Panayotis Panagopoulos

Personal information
- Born: 15 August 1916
- Died: 1999

Chess career
- Country: Greece

= Panayotis Panagopoulos =

Greek chess player

Panayotis Panagopoulos (Παναγιώτης Παναγόπουλος; 15 August 1916 – 1999) was a notable Greek chess player and the winner of the Greek Chess Championship in 1957. He represented Greece internationally and was a key figure in the post-war resurgence of chess in Greece.

==Biography==
Panayotis Panagopoulos emerged as one of Greece's strongest chess players in the mid-20th century, particularly active throughout the 1950s.
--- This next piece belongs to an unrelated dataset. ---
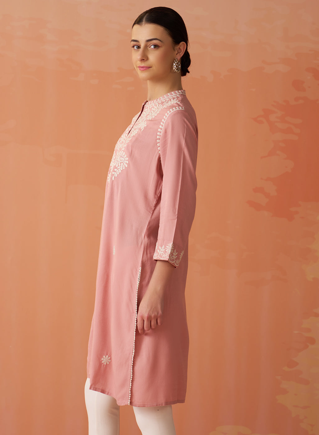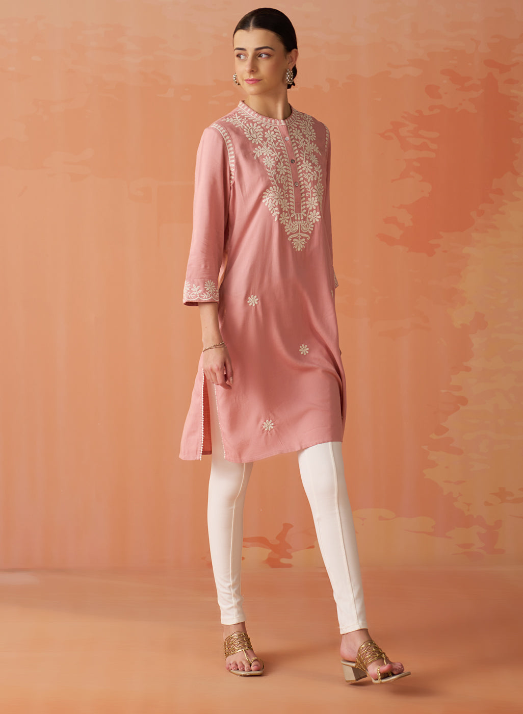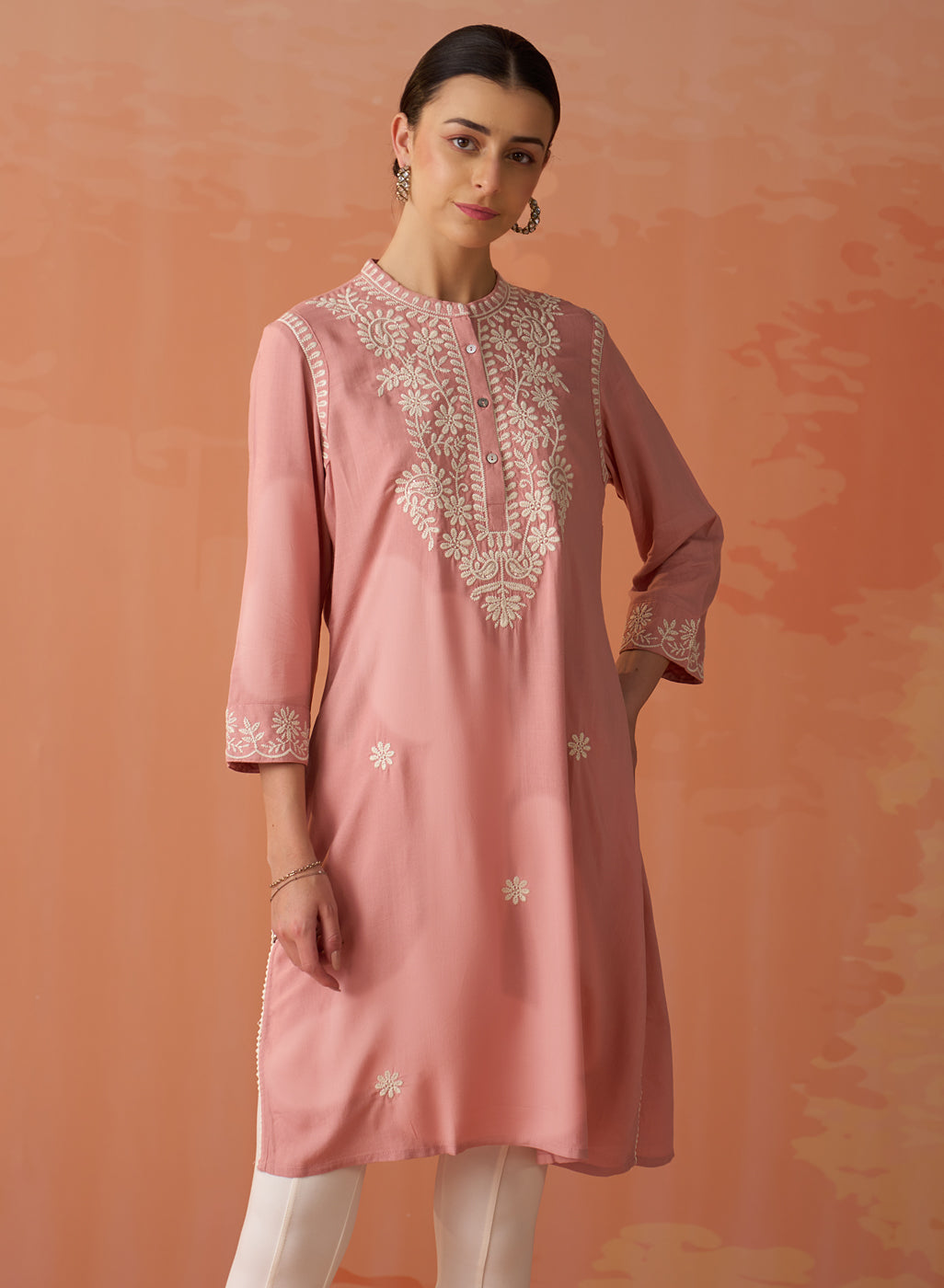 • The graceful mandarin collar and elegant 3/4th sleeves effortlessly harmonise with the tunic's straight silhouette, imbuing it with a sense of refined sophistication.

Renowned for his strategic depth and resilience in difficult positions, he significantly contributed to the development of competitive chess in Greece, helping popularize the game during a period of rebuilding after World War II.

==International career==
Panagopoulos represented Greece in multiple international competitions, notably competing at three separate editions of the Chess Olympiad.
- 1950: Played at the second board during the 9th Chess Olympiad in Dubrovnik, scoring +0, =2, −10.
- 1954: Competed at the third board during the 11th Chess Olympiad in Amsterdam, achieving +5, =7, −6.
- 1958: Again at third board in the 13th Chess Olympiad in Munich, with a result of +4, =5, −7.

==Playing style==
Panagopoulos was recognized for his solid, positional style. Though not considered aggressive, he excelled at patient maneuvering and was adept at holding difficult positions, often demonstrating defensive skill and endgame prowess.

==Legacy==
Beyond competitive play, Panagopoulos played a vital role in mentoring younger Greek chess enthusiasts. He helped establish chess clubs and organized tournaments, contributing substantially to Greek chess infrastructure. His advocacy laid the groundwork for the rise of competitive chess in Greece.